What part 2 of the GiACTA trial means for Australia

3 minute read


The study results we've all been waiting for – part 2 of the GiACTA trial – have been announced at EULAR this week, but there are still a few “unanswered questions”, an Australian rheumatologist says


The study results we’ve all been waiting for – part 2 of the GiACTA trial – have been announced at EULAR, but there were still a few “unanswered questions”, an Australian rheumatologist says.

Part 1 of the GiACTA trial, reported in NEJM in 2017, examined the effect of a one-year course of tocilizumab in around 250 patients with giant cell arteritis. 

The trial found that a weekly or fortnightly dose of tocilizumab given for 52 weeks could put over half of GCA patients into glucocorticoid-free remission.

At the one-year mark, patients stopped the biologic therapy.

The trial results unveiled by Harvard University rheumatologist Professor John Stone at EULAR last week showed what happened during the two-year extension of the GiACTA trial.

Professor Stone reported that nearly half of these patients stayed in steroid-free remission for the second part of the trial.

Over 50% of patients in the tocilizumab group relapsed in the second and third years of the GiACTA trial.

But patients who had a flare were treated with another course of tocilizumab, which put them back into clinical remission.

Finding a replacement for steroids has long been a goal in GCA research because steroids have devastating side effects in older women, raising the risk of osteoporosis and fractures.

The study was particularly relevant for Australian rheumatologists as tocilizumab for GCA was recently pushed along to the next stage of the PBS approval process by PBAC and could soon be affordable for patients.

However, the GiACTA trial left rheumatologists with some “unanswered questions”, said Professor Catherine Hill, a rheumatologist based in Adelaide and the vice-president of the Australian Rheumatology Association.

The GiACTA trial had a 20% drop-out rate, with only 197 patients completing the three years.

“And even though it was a lot of patients in the beginning, when you start dividing it into four groups … it starts to get quite small and it starts to become a bit more difficult to interpret the results,” Professor Hill told Rheumatology Republic.

“The other thing from the first part of the trial was it seemed that the patients who were recently diagnosed had slightly different results from those patients who relapsed.
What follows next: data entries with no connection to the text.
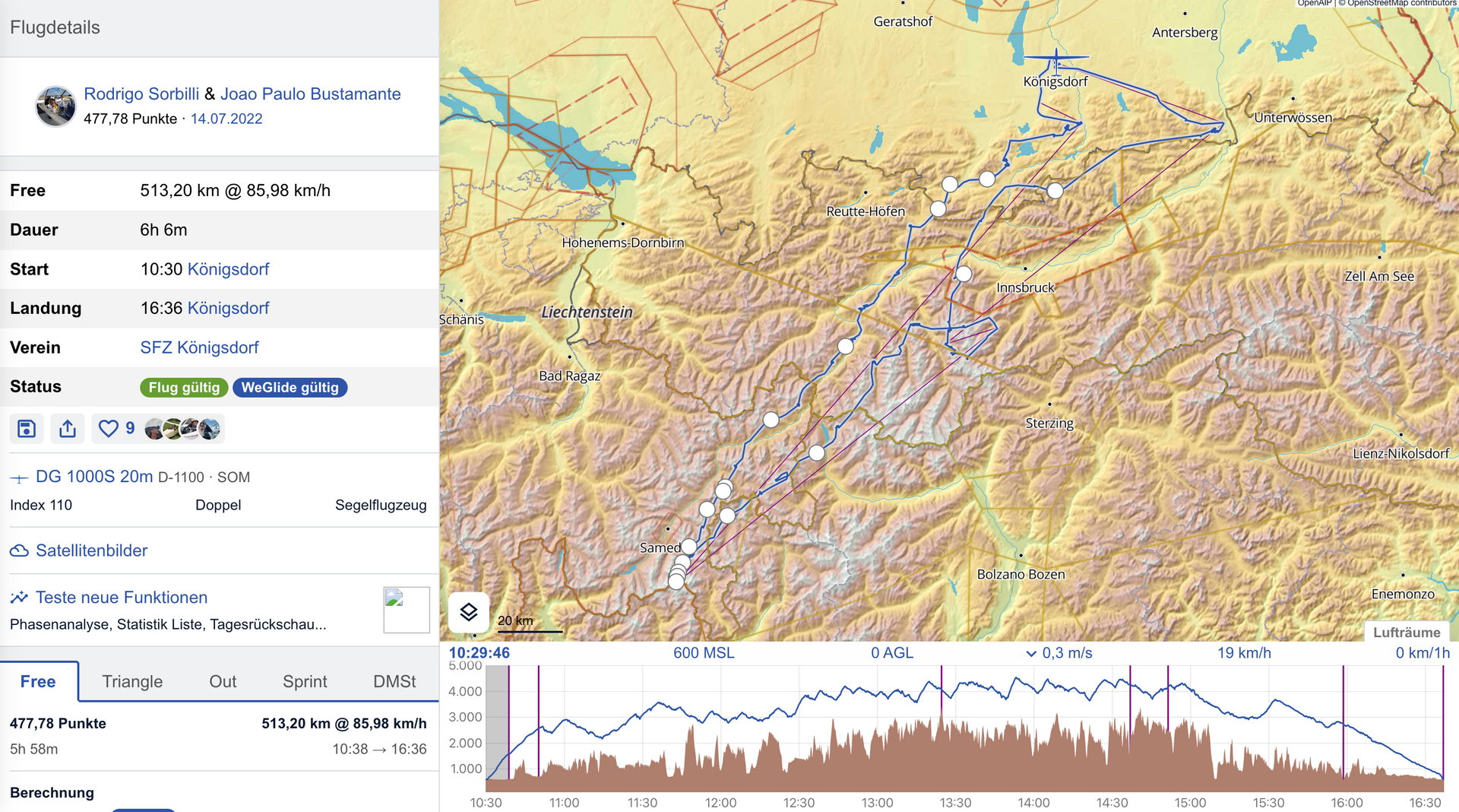 (https://www.weglide.org/flight/199379). In another flight with Manfred we managed to go South after an amazing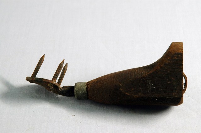 布袋鉤搭,是手鉤的一種,又稱麻袋鉤、袋鉤、三爪袋鉤。鉤頭為三爪形,專用於勾住並移動裝盛穀物的麻袋。本件布袋鉤搭鉤頭為鐵製爪形,以圓盤形上焊三鐵釘形成爪形。釘爪與木柄方向呈銳角,鉤頭後端插入木柄凹槽內,外以箍環固定木柄。木柄略彎曲,後端加粗以利握持。木柄底部做鐵環,便於掛放。本件木柄為短柄,使用於短距離勾取施力。本件袋鉤鉤頭與箍環生鏽。手鉤最早於日本時代引入,箍環外包為戰後臺灣改良做法,因此本件為戰後臺灣製品,根據典藏來源資料,本件文物收集來源地在花蓮。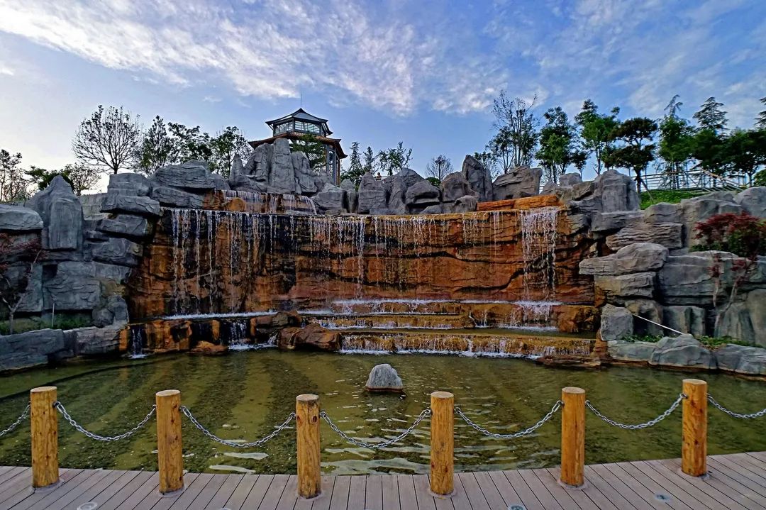 弘毅山傲然矗立,站在山上看日出,是一幕激动人心的盛景;思源瀑布飞流直下,溪水潺潺,煞是壮观。

The patients who got into the trial on a relapse didn’t seem to respond to the lower dose of tocilizumab.

“That wasn’t really different to placebo. In the results that Professor Stone showed today, he didn’t sub-divide them by whether they had entered GiACTAas newly-diagnosed or relapsed. So, I think that’s another query.”

The GiACTA trial also didn’t provide guidance on whether tocilizumab should be tapered or withdrawn after 12 months in patients with GCA, said Professor Hill.

“[This] is quite attractive to rheumatologists because we would think about weaning the steroids as quick as possible and then perhaps weaning tocilizumab,” she said.